Suara nyaring seperti hewan yang kesakitan begitu sulit di jelaskan menggema di dalam gua yang dijadikan rumah ini. Dean menutup kupingnya karena suara itu menyakiti gendang telinganya.

Perlahan ia membuka mata untuk melihat apa yang terjadi. Di sana Raven menusuk jantung makhluk itu bersamaan dengan air mata yang mengalir di pipi tirusnya.

Seperti ibu dan ayah Dean yang terbakar saat di tusuk, makhluk itu pun perlahan berubah jadi abu. Raven terkulai di tanah setelah berhasil menusuk makhluk itu. Tangisnya pecah.

Dean mendekat pada Raven, “Paman, laki-laki tidak boleh cengeng.”

Dean berdiri di depan jeruji perak itu menggenggam batang jeruji dengan kedua tangannya sambil memandangi Raven yang masih menangis.

Raven menghapus air matanya dan tertawa melihat Dean, “Kau meledekku sekarang?”

Dean tersenyum lalu terkekeh, “Paman juga bilang begitu padaku.”

Raven bangkit dan tersenyum tipis menatap Dean, “Ayo kita mulai berlatih memburu Vampir!”

Binar mata Dean begitu terpancar mendengar itu, “Ayo Paman!”

Ia mengepalkan kedua tangannya di dada dan mengatup kedua bibirnya seakan gemas.

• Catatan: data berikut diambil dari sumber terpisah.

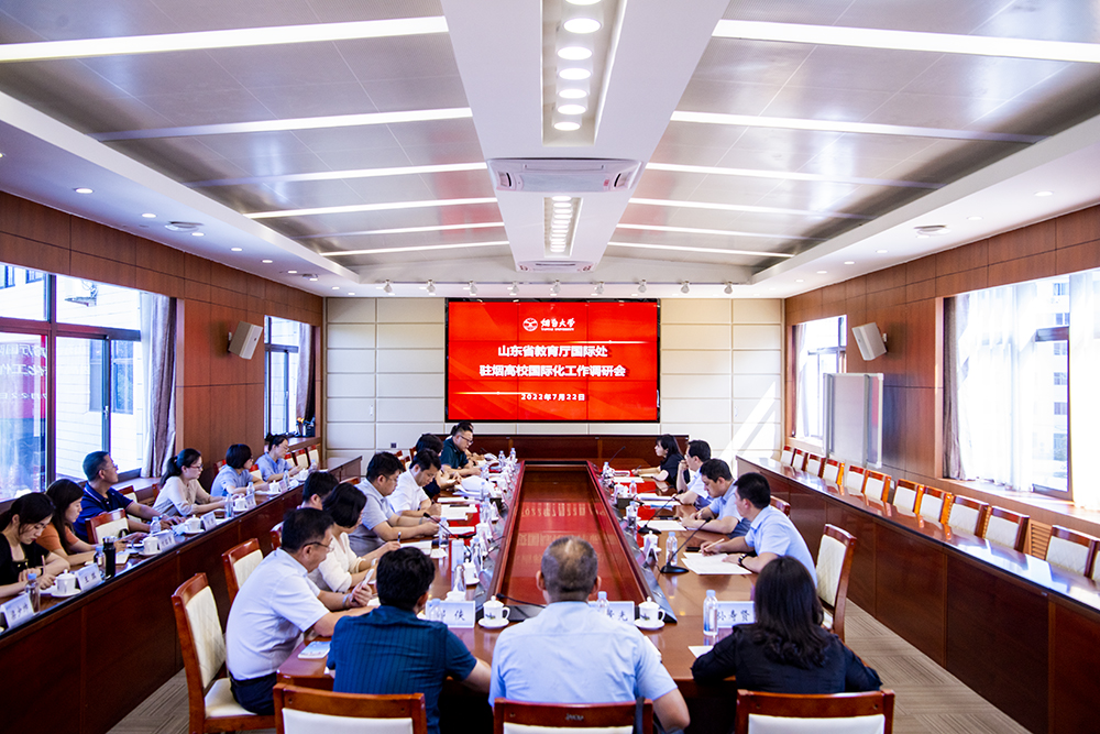 【本站訊】為推進新時期山東省教育國際交流工作高質量發展,7月22日,山東省教育廳國際處王夫海處長一行來校,就駐煙高校的高等教育國際化工作進行調研并舉行座談。煙臺大學黨委副書記、校長段培永,黨委常委、副校長宋中民,國際合作交流處全體人員參加活動。
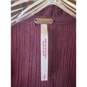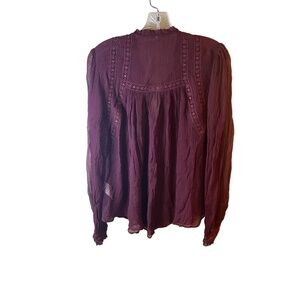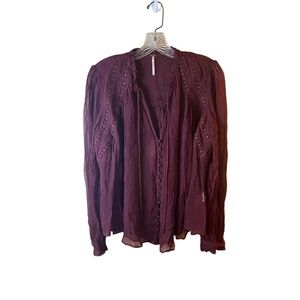 Free People Burgundy Long Sleeve Lace Trim Button Front Sheer Boho Blouse Small

Hari demi hari Raven mengajarinya keterampilan pedang juga bela diri tanpa senjata, berbagai alat pemburu Vampir dari bahan perak pun Dean coba.

“Paman apa aku sudah boleh memburu Vampir?” tanya Dean saat sebulan sudah ia berlatih dengan keras.

Raven tertawa meremehkan, “Kau belum bisa apa-apa, aku pun butuh waktu bertahun-tahun melatih diriku.”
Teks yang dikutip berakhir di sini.